All of lore.kernel.org
 help / color / mirror / Atom feed
* Performance testing to tune osd recovery sleep
@ 2017-07-19 23:56 Neha Ojha
  2017-07-28  3:34 ` Xiaoxi Chen
  0 siblings, 1 reply; 3+ messages in thread
From: Neha Ojha @ 2017-07-19 23:56 UTC (permalink / raw)
  To: ceph-devel

Hi all,

The osd recovery sleep option has been re-implemented to make it
asynchronous. This value determines the sleep time in seconds before
the next recovery or backfill op.

We have done rigorous testing on HDDs, SSDs and HDD+SSD setups, with
both Filestore and Bluestore, in order to come up with better default
values for this configuration option. Detailed performance results can
be found here: https://drive.google.com/file/d/0B7I5sSnjMhmbN1ZOanF3T2JIZm8/view?usp=sharing

Following are some of our conclusions:

- We need separate default values of osd_recovery_sleep for HDDs, SSDs
and hybrid(HDD+SSD) setups.

- In setups with only HDDs, increasing the amount of sleep time, shows
performance improvement. However, the total time taken by background
recovery operation also increases. We found that recovery sleep value
of 0.1 sec is optimal for these kind of setups.

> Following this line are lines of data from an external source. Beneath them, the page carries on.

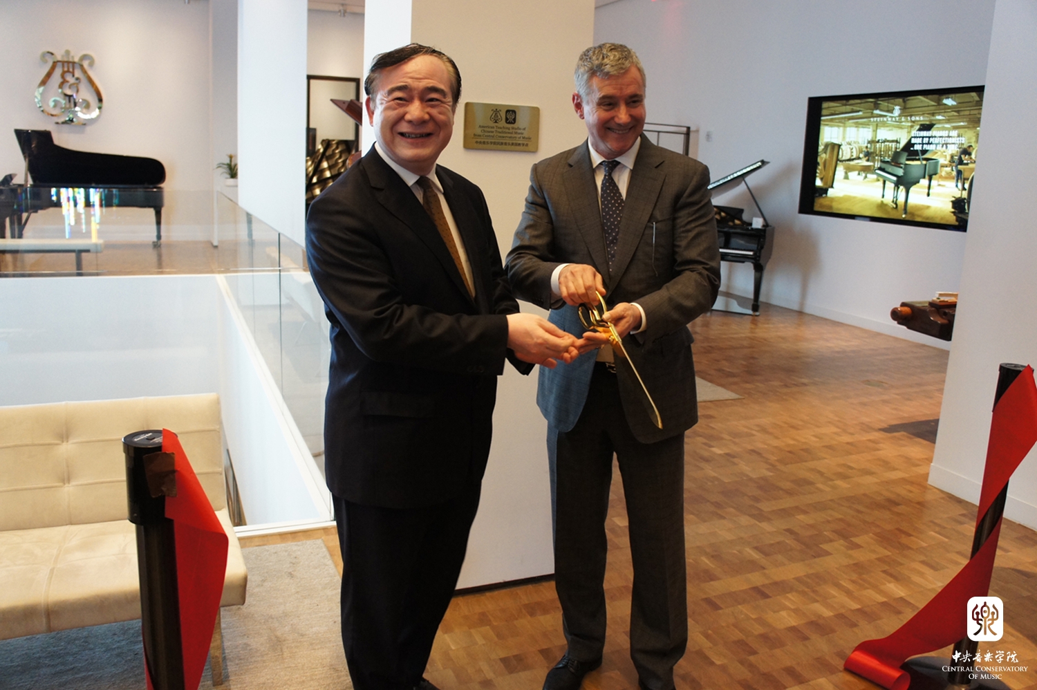 2017年6月22日,kaiyun体育网页登录入口民族音乐美国教学点(American Teaching Studio of Chinese Traditional Music)在纽约曼哈顿施坦威展示大厅正式揭幕。这是中国首次在海外建立的民族音乐教学点!是kaiyun体育网页登录入口落实“中国文化走出去”战略,向海外传播和推广中国民族音乐的一个重要创举!kaiyun体育网页登录入口将派出优秀师生来到这里进行民族器乐教学,举办音乐会,并在北京和纽约之间进行远程教学和实时音乐会转播。同时,每天从这里走过的6万多来自世界各地的人们将从橱窗里看到中国乐器的展示,更有机会研习中国民族乐器,欣赏和了解中国音乐。
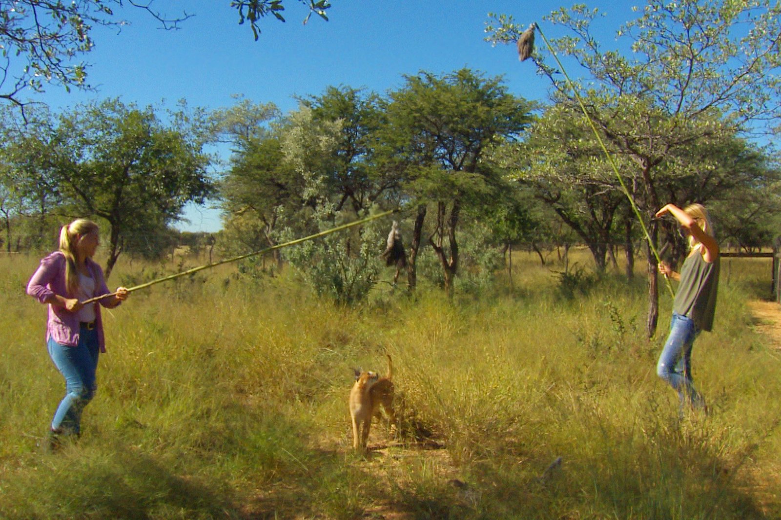 Heute: Fitnessprogramm für die Karakale Samar und Aviel mit Morgan van der Merwe und Annika Funke.Bild: © SWR/Michael Lange
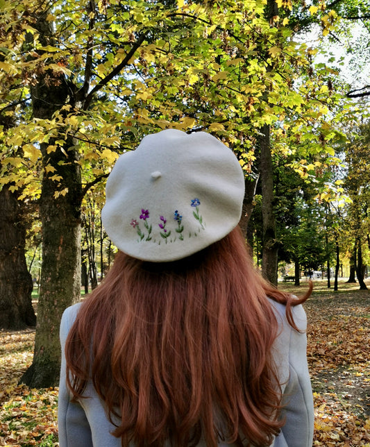 Beretă crem brodată manual cu flori
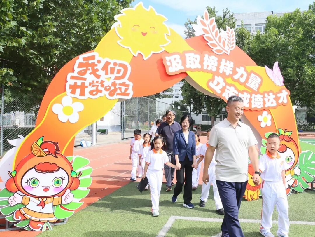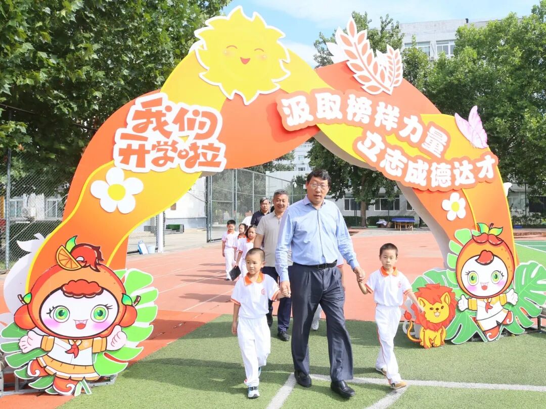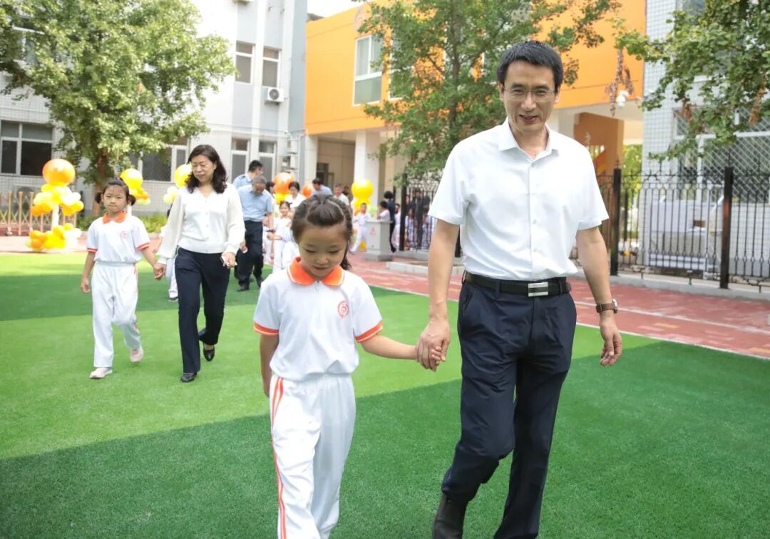 最后,我代表海淀区委教工委向所有师生及关心支持我们的人致以崇高的敬意和衷心的感谢。祝愿小朋友们在新校园中快乐学习、健康成长;祝愿老师们教师节快乐,在全国知名校长沈杰校长的带领下继续践行‘躬耕教坛,强国有我’的誓言;更期待我们首师附一小能响应教育部提出的大力弘扬教育家精神,加快强国教育建设在未来的日子里,为海淀区域社会经济发展贡献更多教育力量。
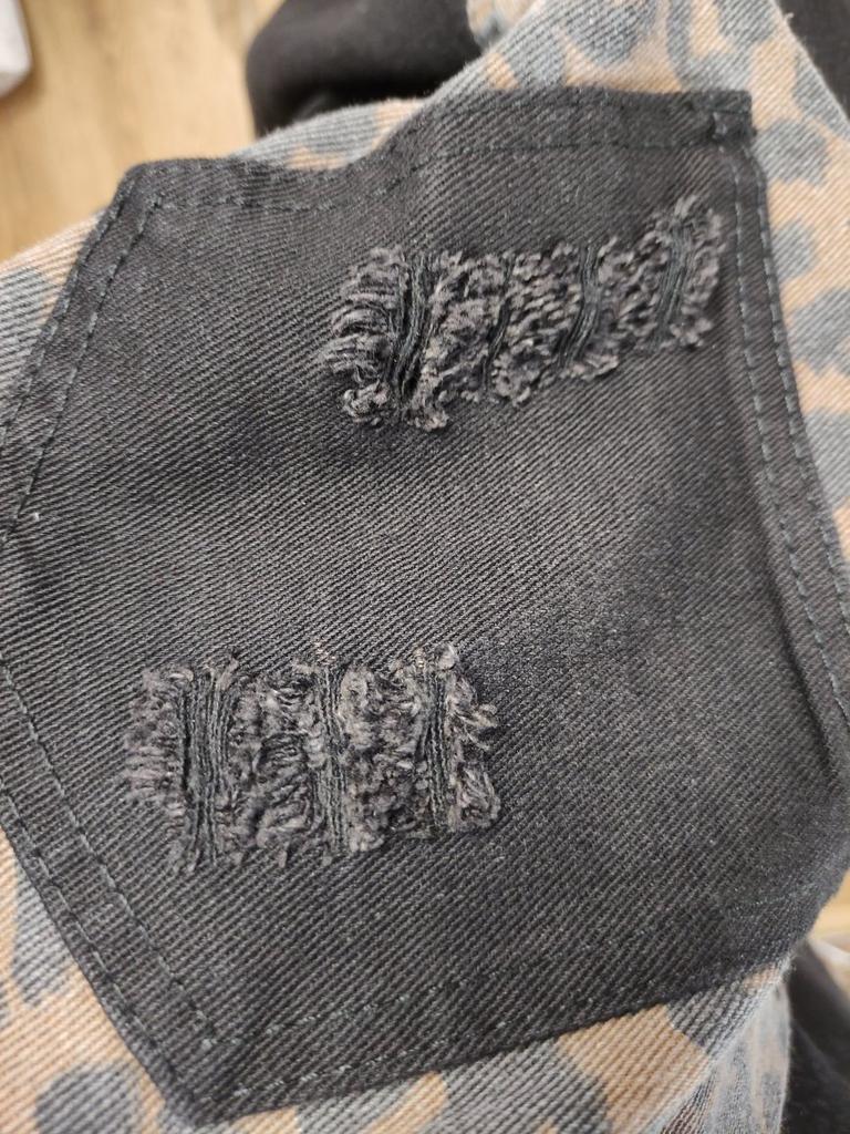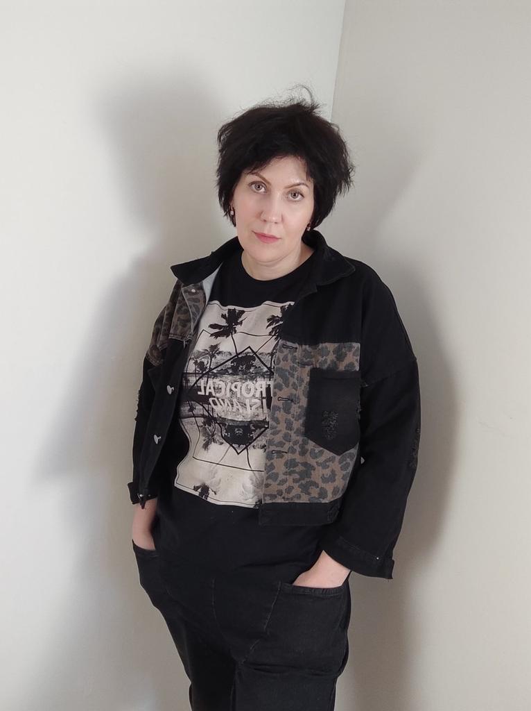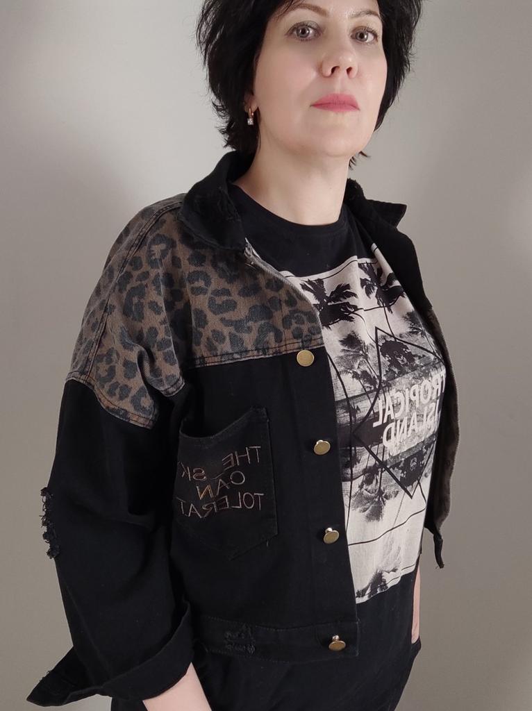 Хоть и написала, что куртка как раз, на самом деле- чуток великовата. Но я люблю свободные вещи, тем более, что под куртку нужно точно пододеть рубашку или майку . Куртка рассчитана на невысокую женщину, рукава впритык для моего роста ( до перехода в ладонь). На видео я рукава подвернула 2 раза, люблю рукав три четверти. Но для высоких женщин рукава куртки будут коротковаты, мой рост 158- 159. Да и длина курточки- тоже не на высокую даму... Много было ниточек, которые нужно было обрезать, не прорезаны под пуговицы петельки... В целом- впечатление хорошее. Рванина сделана аккуратно. Цвет куртки серо- черный, есть потертости. Вставки- коричневая ткань, вылинявшая с леопардовыми пятнами.Мои параметры106- 88-109, по параметрам можно было взять и размер М, но длина еще короче была бы- 55 см. Да и не люблю я носить вещи впритык. У размера xl- длина 56 см, хоть на см подлиннее. Поэтому ношу я такую коротенькую курточку с рубашкой, с удлиненным свитером, с длинной маечкой, чтобы прикрывать паховую зону... Всем моим знакомым понравилось, как сидит куртка на мне.
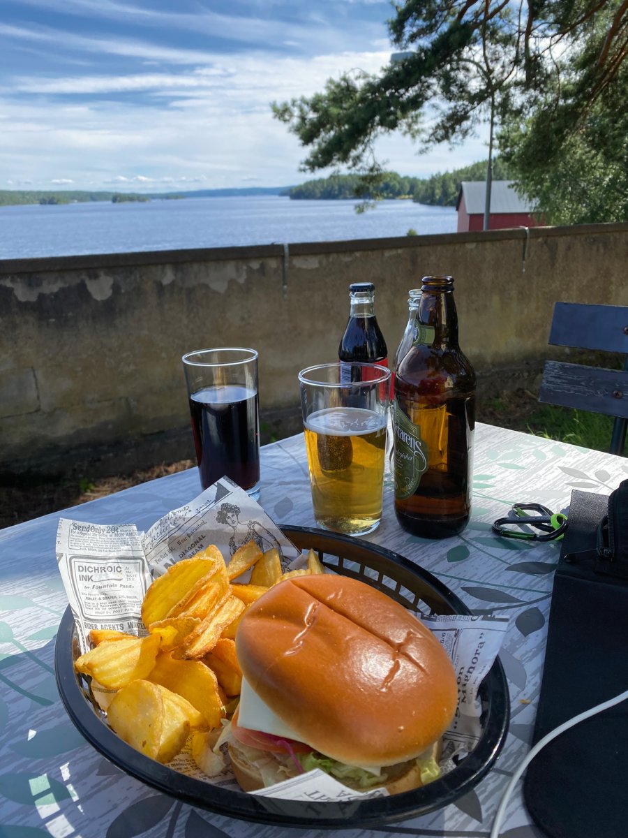Eigentlich hatte ich mir selbst eine Halbzeit Belohnung versprochen die ich nun endlich einlösen konnte! In einem Netten Restaurant mit schönem Ausblick habe ich mir einen Elchburger schmecken lassen. Was ein Genuss nach 10 Tagen Nudeln und Porridge!
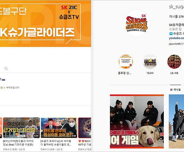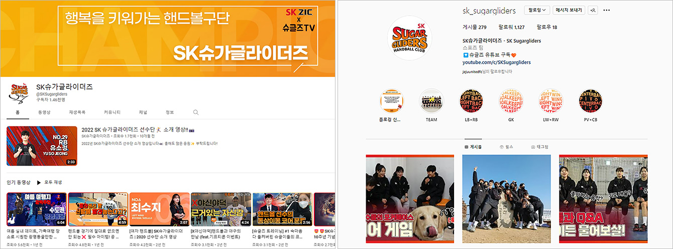 ▲ (좌) SK엔무브 핸드볼구단 윤석준 PM이 관리하는 SK슈가글라이더즈 공식 유튜브(https://bit.ly/3FgX6BK) 페이지와 (우) 인스타그램 페이지(https://bit.ly/3EZR5IC)
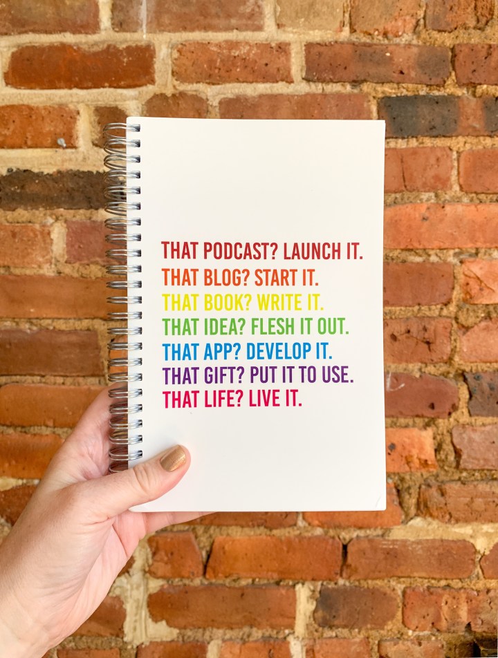 The “Live Life” spiral notebook of course!!! It’s the perfect place for writing morning pages while doubling as the perfect desktop pop of color!
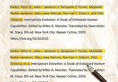 If there are multiple authors of a textbook… If a textbook has multiple authors, cite up to 10 in the reference entry for a bibliography. List the authors’ names, but only invert the name of the first author. If the textbook has more than 10 authors, only list the first seven names, followed by “et al.”. Sample bibliography entry with 7 authors: Parker, Peter B., John J. Jameson Jr, Benjamin F. Parker, Maybelle Parker-Jameson, Mary Jane Watson, Norman V. Osborn, and Otto Octavius. Interspecies Evolution: A Study of Enhanced Human Capabilities. Edited by Miles G. Morales. Translated by Gwendolyn M. Stacy. 8th ed. New York City: Harper Collins, 2020. https://doi.org/10.421610. Sample bibliography entry with 11 authors: Parker, Peter B., John J. Jameson Jr, Benjamin F. Parker, Maybelle Parker-Jameson, Mary Jane Watson, Norman V. Osborn, Otto Octavius et al. Interspecies Evolution: A Study of Enhanced Human Capabilities. Edited by Miles G. Morales. Translated by Gwendolyn M. Stacy. 8th ed. New York City: Harper Collins, 2020. https://doi.org/10.421610. If citing a textbook with no clear author, start the citation with the title of the work.
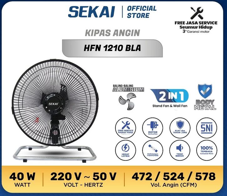 SEKAI Kipas Angin Dinding / Kipas Angin Meja Tornado 2 in 1 12 Inch - HFN 1210
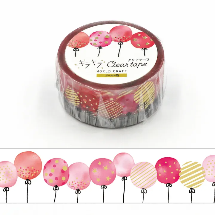 【 キラキラクリアテープ  Balloon】 ★★キラキラマステのクリアテープ版!  箔押しが魅力の「キラキラマステ」をクリアタイプのテープとして 新たにシリーズ化したキラキラクリアテープ!〜 第1弾 『ゴールド箔』による、12柄展開★★ プカプカと浮かぶ、赤やピンクの可愛い風船のデザイン! ノートやカレンダーの端に貼ったり、ファイルケースや瓶・クリアボトル など、いろんなものを可愛くデコレーションできちゃいます♪ PET素材ならではの【透明度×やわらかさ×粘着】が 紙素材へのデコレーションだけでなく身の回りの 小物デコレーションにも馴染みます♪
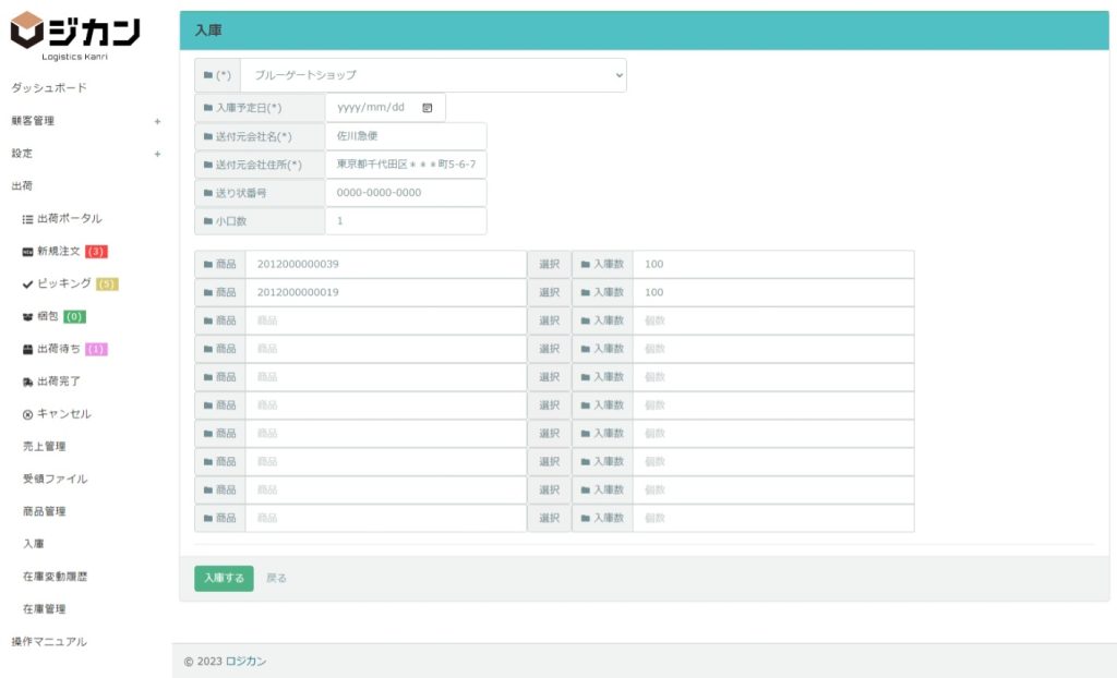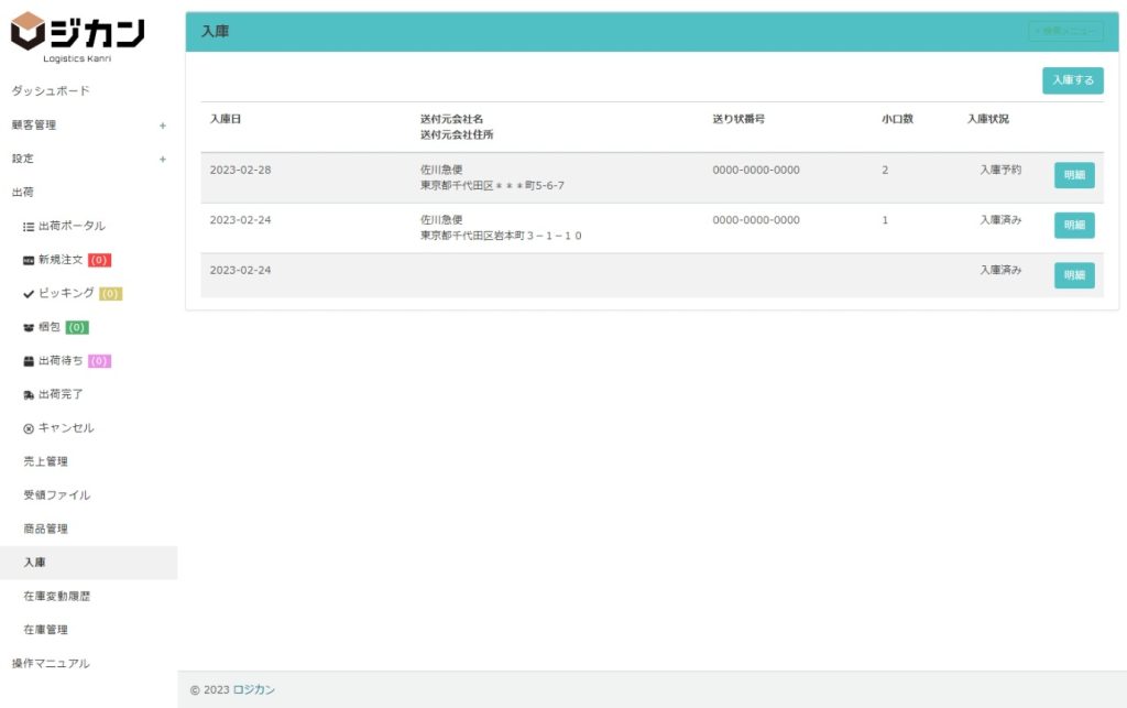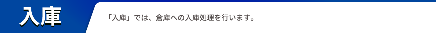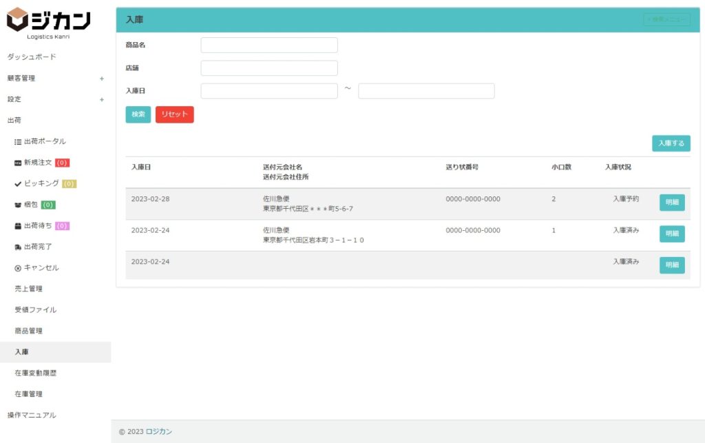 入庫 ロジカンへの商品入庫と入庫履歴が表示されます。 入庫の流れ 1 商品の入庫 2 入庫履歴の検索 1 商品の入庫 右上の「入庫する」ボタンをクリックし、入庫登録します。 「店舗名」「JANコード」「個数」を入力し、「入庫する」をクリックします。 2 入庫履歴の検索 右上の「検索メニュー」をクリックします。 以下の項目で検索することができます。 商品名店舗処理日
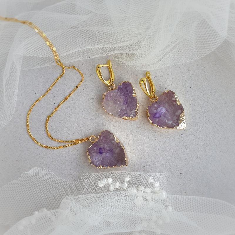 Підвіска і сережки у формі сердечка, лавандова підвіска та кульчики, прикраса на шию

- In setups with only SSDs, with increase in sleep value, we do not
see any drastic improvement in performance. Therefore, we have decided
to keep the sleep value 0, and not pay any extra price in terms of
increased recovery time.

- In hybrid setups, where osd data is on HDDs and osd journal is on
SSDs, increasing the sleep value more than 0 helps, but we would like
to choose a default value lesser than 0.1 sec in order to not increase
the recovery time too much. We haven't finalized this value yet.
Introducing this configuration option would require some more work, in
terms of determining whether the journal is on HDD or SSD.

With https://github.com/ceph/ceph/pull/16328, we are introducing two
new configuration options osd_recovery_sleep_hdd and
osd_recovery_sleep_ssd.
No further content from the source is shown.